Ultimamente sono diventato meno ostile riguardo a
certe prese di posizione della Chiesa cattolica che un
tempo mi facevano incazzare, e che ora invece comincio a considerare come degli Ego non.
Comincio a chiedermi perché la Chiesa sostenga
cause apparentemente retrograde, perdenti a tavolino.

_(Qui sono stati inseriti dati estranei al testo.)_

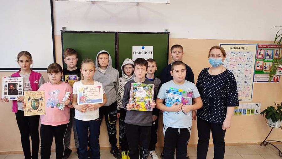 Дети посмотрели видеоролик, посвященный Дню родного языка. Библиотекарь познакомила учащихся с понятием «фольклор», рассказала, какие жанры относятся к устному народному творчеству. Затем дети вспоминали пословицы и поговорки русского языка, пытались заменить фразеологические обороты словами-синонимами. Ребята приняли участие в конкурсах «Доскажи словечко», «Назови одним словом». В конкурсе «Говори, говори, да не заговаривайся» школьники показали свои навыки владения русской речью.
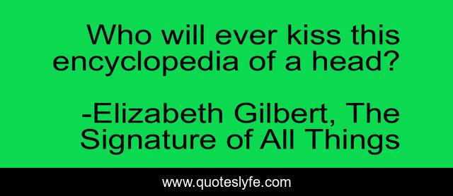 "Elizabeth Gilbert, The Signature of All Things Quotes." Quoteslyfe.com, 2025. Mon. 08 Dec. 2025. <https://www.quoteslyfe.com/quote/Who-will-ever-kiss-this-encyclopedia-of-214842>.
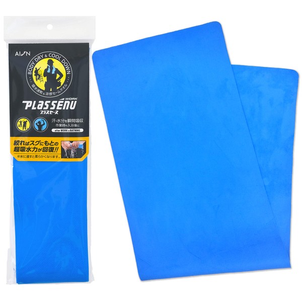 Aion Water Absorbing Towel, Plus Seine, Blue, Length 27.2 x Width 8.5 inches (69 x 21.5 cm), Squeeze to Restore Water Absorbency, Heat Stroke Prevention, Heat Prevention, Pack of 1

Ho cominciato a pensare che l’apparente antimodernità della chiesa cattolica possa nascondere qualcosa di
positivo. Mi ha messo per la prima volta la pulce nell’orecchio, tanti anni fa, la lettura di un classico della
fantascienza, L’undicesimo comandamento, di Lester Del
Rey. In questo bel romanzo, ancora godibilissimo a
quasi cinquant’anni di distanza, dopo una rovinosa
guerra nucleare la scismatica Chiesa Eclettica Americana ha aggiunto ai dieci comandamenti tradizionali un
undicesimo (appunto) comandamento: “Moltiplicatevi
senza limiti”. In un mondo inquinato e impoverito,
dove la radioattività dell’aria e della terra producono
terribili mutazioni genetiche, un messaggio del genere
sembrerebbe paradossale. Ma il lettore si rende presto
conto che il disegno della Chiesa Eclettica Americana
è fondamentale per la salvezza della specie umana. Il
moltiplicarsi della vita serve infatti sia a favorire la selezione genetica naturale che a rafforzare, attraverso le
difficoltà, i legami empatici tra le persone e la solidarietà sociale. Quello che sembra uno scandalo si rivela
invece un progetto sensato, vitale.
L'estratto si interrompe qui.